Since he's not even close to being there yet, your questions and concerns will have to wait awhile longer.  It's, unfortunately, still about him.  A wise person told me soon after my H returned that I would get my chance to ask the questions, but it wasn't time yet.  Only after he had been home for 3-4 months was I really able to feel free to ask questions and share my hurt.  He's been back for over 6 months now.  Many of the questions I needed to ask have been answered on his time.  Other questions have become less important and disappeared from my mind.  My concerns and wishes are being recognized more daily and weekly, but it takes time. 

The full remorse also comes slowly in bits and pieces.  I don't know how I knew this, and that my H was back for good, but you will know.   

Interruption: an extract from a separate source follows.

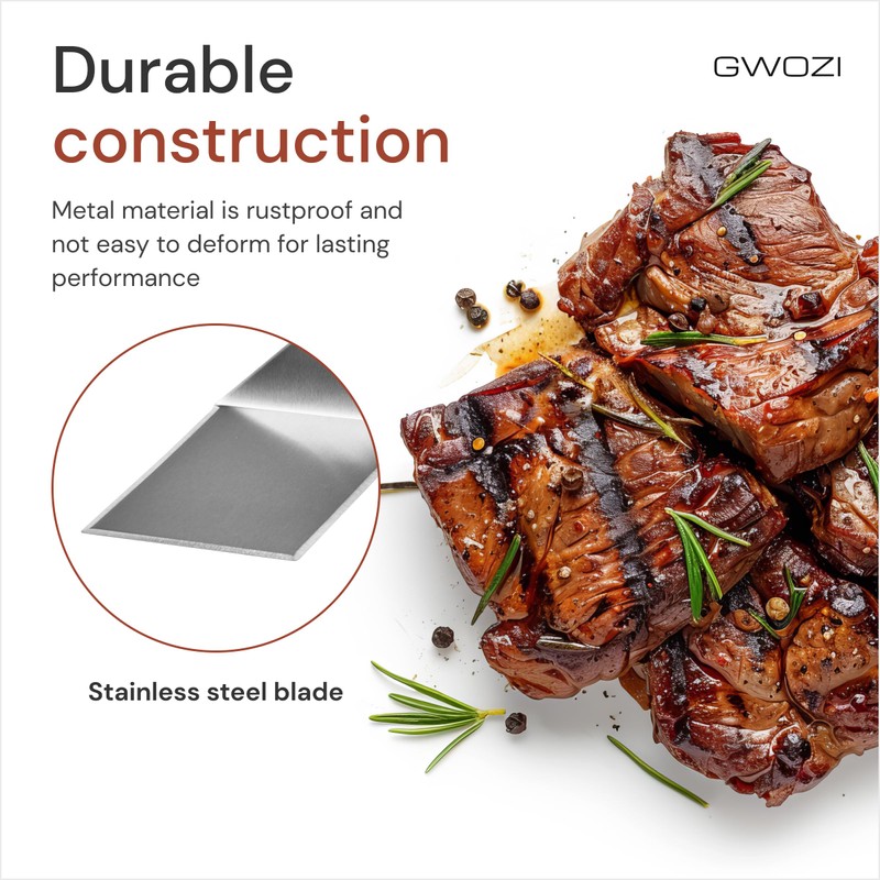 - SLEEK AND STYLISH DESIGN: Not only is smash burger functional, but it also boasts a sleek and stylish design. The combination of a wide stainless steel blade and a sleek plastic handle adds a touch of elegance to your kitchen utensil collection.
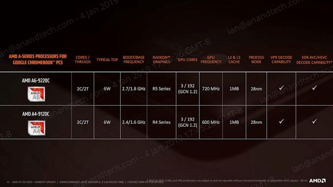 Khi biết rằng Chromebook được sử dụng theo mục đích văn phòng và chơi game trên nền web, AMD tự tin rằng họ sẽ ăn nên làm ra ở phân khúc này. Có một mẫu CPU khác cũng nằm trong danh sách là A4-9120C yếu hơn mẫu vừa đề cập một chút. Tất cả các mẫu CPU AMD dành cho Chromebook đều có thời lượng pin hơn 10 tiếng. HP và Acer sẽ là những hãng tạo ra các mẫu Chromebook đầu tiên dùng CPU AMD.

RCR is right in that it's too early for MC.  We didn't go for 3-4 months.  He wasn't ready, and I had to accept that.  I am still too new at this reconciliation process to fully express or understand all of it.  We are not finished yet.  I suspect there are stages here also that I am going through.  I can say that the trust and security issues are very hard for an MLCer to handle right away.  Those also come back with time.  My gut feeling is that those issues are the last to be dealt with for the LBS and MLCer.  They are being worked on all along but are the last to be resolved.  Other things that contribute to the trust issues have to be dealt with first.  (Just my thoughts on this right now.  As I said, we are still early in the reconciliation process, but I think we are doing very well.)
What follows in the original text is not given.